Something interesting happened though. I wrote another post, and once again I didn’t get any comments. I tweeted and once again, there weren’t any people who seemed to want to respond to me.

In short, I had been given some fish, but I still didn’t know how to catch fish for myself.

If someone’s carrying you, you don’t know if you can walk

If I sound unappreciative, that is  not at all my intent. When someone you respect, someone who has forged a name for themselves in this space, recognizes something you have said or done, it’s a great honor. And yes, the probability of your name being seen by people who may not have seen your name otherwise – pretty high.

That being said, do I think people should aim for being tweeted to or retweeted by influencers in the Social Media space? No.

The thing is, when you get new followers or lots of traffic because an influential person takes notice of you, what you are really seeing is a reflection of the influential person’s power and community. People will click the link. They might read your post. However, most people will not feel obligated to comment on a post that they are seeing because of an influential person, at least from what I have seen in my experience and the experience of others. Your community is not often going to grow a lot from these experiences.

To grow your community, you need to be the core of the engagement. People need to react to you because they want to on their own. That is what will inspire them to come back, and that is what will inspire you to go back to other peoples’ blogs or twitter streams.

Influencers and Community Building

So let’s throw all of the influential people away because we clearly don’t need them! Yeahhhh!!!

No. That’s not going to work either. In fact, influential people can be keys to helping build community in the way I discussed in part one of this series. Here’s how.

Visit their communities: One thing we all know about the big names in the Social Media space – they tend to get lots of comments on their blog posts, and many actually take the time to try to respond. A community exists there, and it’s free to join. I have had some great conversations by replying to other commenters while visiting someone’s blog. Of course it’s nice to comment on the post too, but interact with other people who are there. And don’t just send people links to your blog posts. Just talk. Discuss. Engage.

Pass on what you learn: The people who have made it big in this space did so through hard work and innovation. Fortunately for new people like me, they are generally willing to pass on a lot of information that they have gathered over the years. Pass on this information as you learn it, not to try to attract that person’s attention, but to become a slightly more accessible resource for people in your community. Add your own spin to it. Your own “sauce,” if you will. Don’t steal. Always credit. But serve as a conduit between your community and the people you learn from.
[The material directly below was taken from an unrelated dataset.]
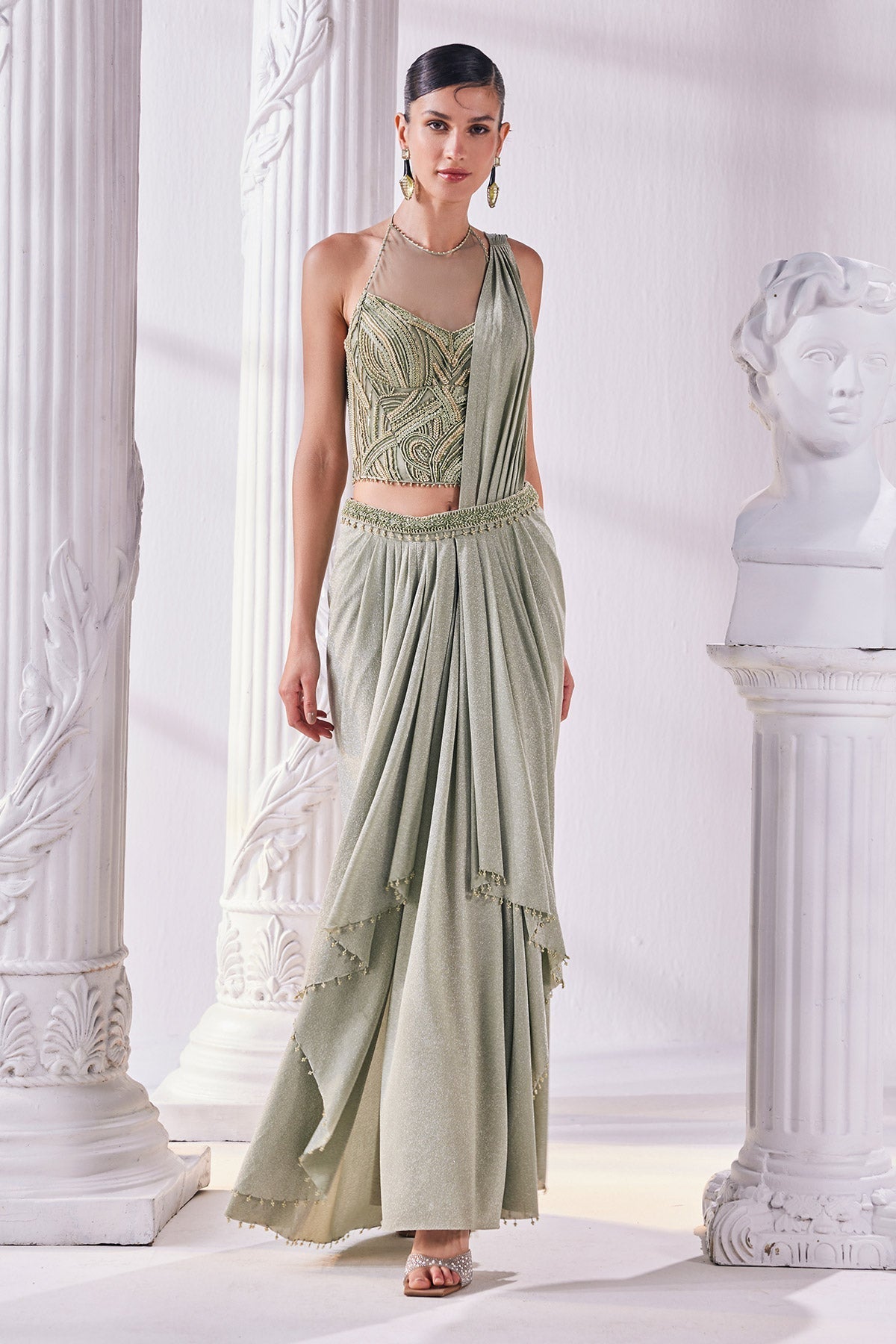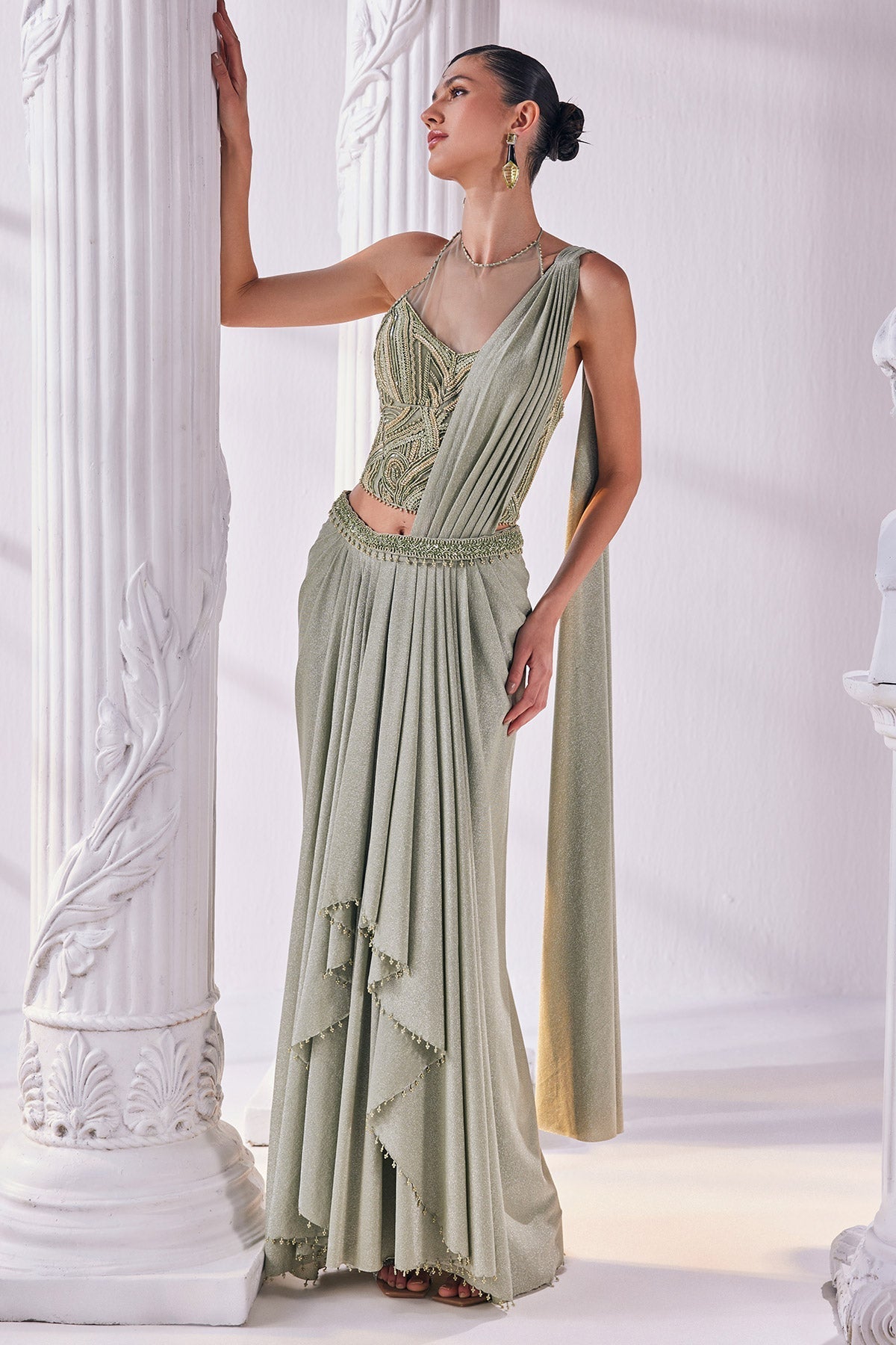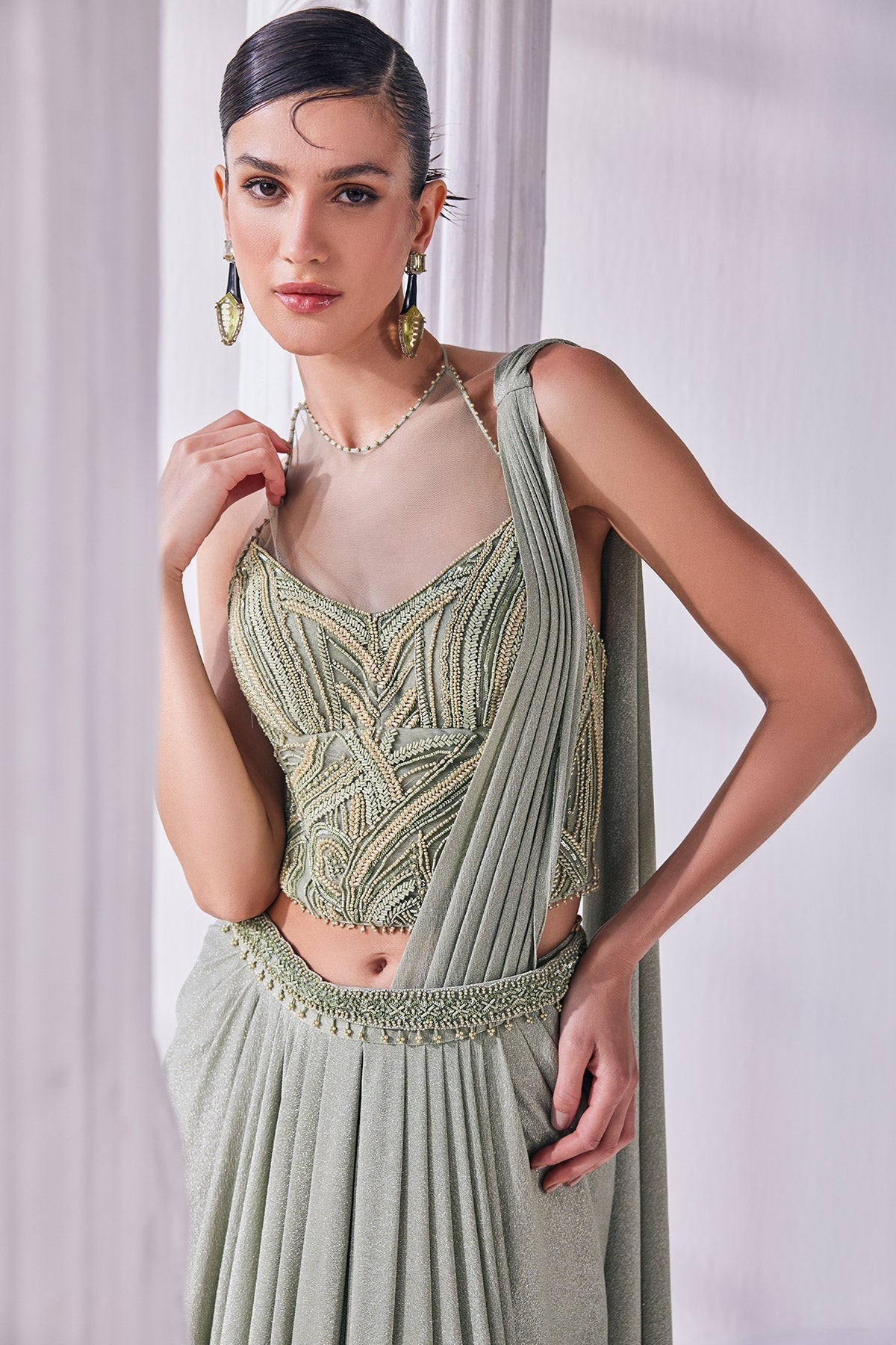 This exquisite draped saree, adorned in shimmering sequins and beadwork. The intricately designed corset steals the spotlight with its opulent, heavy embroidery.

Take recommendations to heart: If an influential person does tweet out someone’s post, even (or especially) if you don’t know that person, give their blog a visit. Leave a comment. If he or she is being presented to the influential person’s community, you can take a bet that the content is going to be pretty good on a regular basis. Influential people didn’t get to where they are because they recommended a lot of spam bots. Their reputation depends on introducing good people to their existing community. You are receiving trails of breadcrumbs that lead to great people. Engage!
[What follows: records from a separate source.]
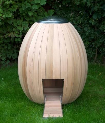 - El diseño del gallinero depende de las preferencias y las capacidades financieras del propietario. Puede construir un granero rural tradicional y esconderlo más atrás de la casa o en el jardín. Si lo desea, se erige un gallinero de diseño. La foto muestra un ejemplo de una pequeña casa en forma de huevo.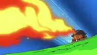 | Description: A combination of Sandstorm, Heat Wave, and Body Slam. Registeel fires a Sandstorm at Torkoal, who pushes it towards the opponent with Heat Wave, leaving the opponent trapped in a fiery tornado of sand. Torkoal then jumps to the top of the tornado and spins with the tornado to boost the power of its Body Slam attack. This was used against Registeel during Ash's first official Battle Pyramid match against Brandon. | |||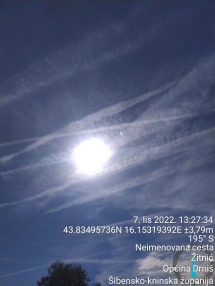 U petak 7. oktobra 2022. Hrvatska je navodno bila izložena jednom od ovih zaprašivanja. Preko mreže hrvatskih chemtrails promatrača fotografije stižu iz cijele zemlje, od unutrašnjosti do juga Dalmacije. Tvrde da avioni cijeli dan prolaze u svim smjerovima i ostavljaju mrežaste tragove koji nisu obični kondenzacijski tragovi već se šire i stvaraju laganu izmaglicu koja se širi nebom.
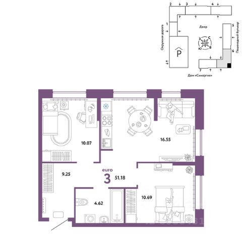 Жилой комплекс "Айрис" — это: - фиджитал-квартал в Тюмени - дома высотой от 7 до 25 этажей - квартиры с системой "Умный дом" - цифровые технологии как элемент благоустройства Окружение В нескольких минутах ходьбы от дома — парк "Комарово" с волейбольной площадкой, открытым кинотеатром, зонами для барбекю и катком. Неподалеку от Airis находится центр иппотерапии, где можно покататься на лошадях и взять уроки верховой езды. На территории Airis появится собственный парк с прогулочными аллеями. Инфраструктура В 5-10 минутах от квартала открыты 2 детских сада и гимназия. На шопинг можно отправиться в торговые комплексы "Колумб" и "Кристалл" — они находятся недалеко от дома. Благоустройство Уютный двор — приватное пространство для жителей. В беседках можно будет почитать книгу в тишине, а в тени деревьев устроиться на пикник. На крыше многоуровневого паркинга будет лаунж-зона с кинотеатром, баскетбольная площадка и воркаут-пространство, где можно позаниматься с виртуальным тренером — достаточно отсканировать код. Лобби Интерьеры лобби выполнены в пастельных тонах с элементами фиджитал-решений. Для отдыха и ожидания гостей создана лаунж-зона. Также есть гостевые санузлы. Колясочные Возвращайтесь налегке после прогулки с малышом — оставить коляску можно в специальном помещении на первом этаже. Кладовые Для сезонных и габаритных вещей предусмотрены отдельные кладовые на цокольном этаже. В каждом помещении уже проведено электричество и выполнена стяжка пола. Паркинг На территории — два многоуровневых наземных паркинга. Один из них примыкает к домам — из него можно напрямую пройти в парадные. Планировки Планировки квартала — от компактной студии до сити-хауса с собственным палисадником — соответствуют любым жизненным сценариям. Можно выбрать квартиры с террасами и готовыми дизайнерскими интерьерами. Продается 3-комнатная квартира 50 м2 в Тюмени.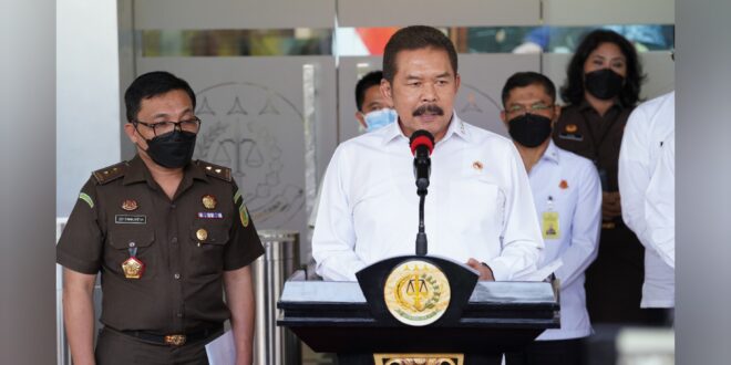 BERITAKALTENG.com – JAKARTA – Jaksa Agung RI, Burhanuddin didampingi Jaksa Agung Muda Intelijen Dr. Amir Yanto, Jaksa Agung Muda Tindak Pidana Khusus Dr. Febrie Adriansyah, Kepala Pusat Penerangan Hukum Leonard Eben Ezer Simanjuntak, Asisten Umum Jaksa Agung (ASUM) Kuntadi, dan Asisten Khusus Jaksa Agung (ASUS) Hendro Dewanto menyampaikan perkembangan perkara dugaan tindak pidana korupsi pada PT. Garuda Indonesia (persero) di Lobby Gedung Menara Kartika Adhyaksa Jakarta Selatan, Rabu (19/1/2022).

Remember that influential people are people: Someone who has 500,000 followers or 2 million gazillion Facebook friends may seem inaccessible a lot of the time, and sometimes this far away feeling can lead to unkind comments or impatience from people who perceive that “big names” are too distant, pompous, egotistical, or whatever else. On the other side are people who will try to name drop or do other things that would not be thought sensible in relation to other perhaps less well-known people. How you choose to engage with the “big names” in Social Media tells your community a lot about you. If you only ever name drop, will they feel that you’re interested in engaging with them? If you show impatience or get into fights a lot, will your community find you credible when you talk about respect?

It is and isn’t about you

During #mmchat, when Chris Brogan co-hosted, we talked about cause marketing and how getting just a big name wasn’t really going to help. You need to get people on your team who really want to be there and who believe fully in your cause.

Your Social Media community is the same way. People who have a lot of influence in Social Media can point you in the right direction and provide opportunities for you to meet a lot of great new people, but the decision to engage – that has to be from things you say and do to other people. Your community will consist, in the end, of people who don’t need to see a tweet from anyone but you to act. In a community, you are the influencer, and you are influenced. And that is the heart of Social Media to me.